A mãe conta que aguardou por quatro horas por atendimento na recepção após a triagem, enquanto perdia líquido. O exame de toque, comumente feito em mulheres prestes a dar à luz, também não foi realizado até então, segundo ela.

Por volta das 13h, Jéssica foi atendida apenas com o exame de toque quando lhe disseram que teria um parto cesárea, fato que ela contestou, pois havia se preparado para ter a filha de forma natural. De acordo com ela, orientada a aguardar, o exame para verificar os batimentos cardíacos do bebê também não foi realizado. 

“Naquele momento não tive muitas opções, consenti pois tive medo, mas sabia que não era o certo e que meu pedido estava sendo ignorado”, desabafa.

Fragilizada com o medo da filha ser exposta ao HIV, a mãe reafirmou o fato de que precisava das medicações indicadas, mas a informação mais uma vez não surtiu efeito na equipe médica. Segundo Jéssica, chamaram uma enfermeira para realizar o teste rápido da doença antes da ida ao centro obstétrico. “Mesmo eu informando sobre minha sorologia, a enfermeira fez a marcação errada no formulário, marcando como ‘não reagente’ para HIV’. Quando vi o papel, informei que estava errado”, completa.

No centro cirúrgico

“Me colocaram sentada numa cadeira de plástico no corredor e ninguém veio me dizer o que seria feito, qual seria o próximo passo, ou verificar se estava tudo bem com a bebê, pois minha bolsa tinha rompido. Sequer perguntaram meu nome”, conta.
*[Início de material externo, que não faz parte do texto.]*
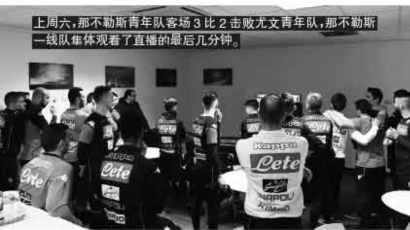
上周六，那不勒斯青年队客场3比2击败尤文青年队，那不勒斯一线队集体观看了直播的最后几分钟。

4月22日两队还要直接交锋，尤文主场。尤文新球场2011年落成使用以来，联赛只输4次，每年不到1次，凶手依次是国米、桑普、乌迪内斯，本赛季上半程的拉齐奥，用尽了本赛季主场输球的份额还会再犯错吗？
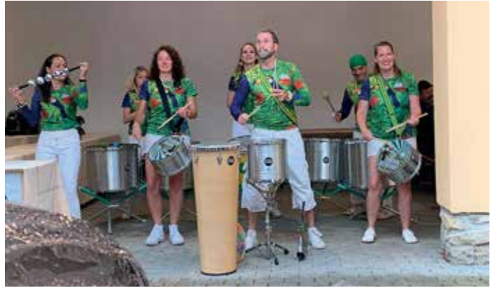
Bubenická show přivítala páteční návštěvníky čkyňské poutě.
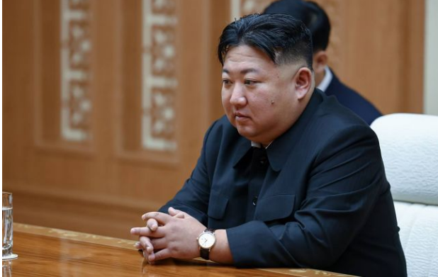
Фото: Кім Чен Ин (Getty Images)

Обирайте перевірене - додайте РБК-Україна до улюблених джерел у Google

Depois de mais de 40 minutos nesta situação, Jéssica foi levada para uma sala de pré-parto, enquanto seu companheiro, André, que é sorodiscordante, estava na recepção sem qualquer tipo de informação sobre seu estado de saúde ou da bebê. Segundo ela, o marido ficou até às 16h sem saber o que estava acontecendo.

Além disso, Jéssica percebeu que as enfermeiras, que raramente passavam em seu quarto, não sabiam como proceder com uma mãe HIV+ e não faziam ideia da função das medicações que previnem a contaminação do bebê. Ela relembra que teve que ensinar às profissionais sobre o assunto, fato que a deixou bastante assustada.

“Viver com HIV e aceitar nossa condição não é fácil, a gente pensa com cuidado e medo sobre cada detalhe de um momento que deveria ser sublime. Ali eu me vi completamente desamparada, humilhada por ignorarem em absoluto tudo o que estava pedindo”, conta.

Após muito tempo, seu companheiro foi liberado para subir ao andar que ela estava internada. Ela conta ainda que os médicos entravam no quarto, olhavam sua caderneta de gestante – que consta informações sobre sua saúde – mas não se aproximavam dela. “Apenas olhares desconfiados, silenciosos. Depois de tudo isso, finalmente trouxeram o AZT e fizeram exame de toque”, relata Jéssica.

Parto

Mesmo antes de aguardar de três a quatro horas para garantir o sucesso da medicação contra a contaminação de sua filha, Jéssica entrou em trabalho de parto. Ela relata que sentia muitas dores e, mesmo com seis centímetros de dilatação, não recebeu nenhum tipo de analgesia. “Comecei a chorar, pedia ajuda. Eu estava completamente apavorada por tamanho desamparo logo neste momento”, lamenta.

Quando sua dilatação atingiu os 10 cm, Jéssica foi encaminhada para a cesárea. Ela diz que os anestesistas foram rudes com ela o tempo todo. Seu companheiro foi impedido de entrar na sala até então, sendo convidado apenas no último minuto, segundo ela.

“Minha bebê já estava nascendo pelo canal vaginal, parto normal, mas ainda assim prosseguiram com a cesárea. As médicas não estavam conseguindo tirá-la pelo corte, então o médico chefe do plantão, de forma muito irritada, entrou na sala, mandou paramentá-lo e foi dando bronca em toda a equipe”, relembra. “Ele se debruçou no meu peito para tirar a bebê e, neste momento falou palavrão, brigou com as médicas, completamente constrangedor”, completa.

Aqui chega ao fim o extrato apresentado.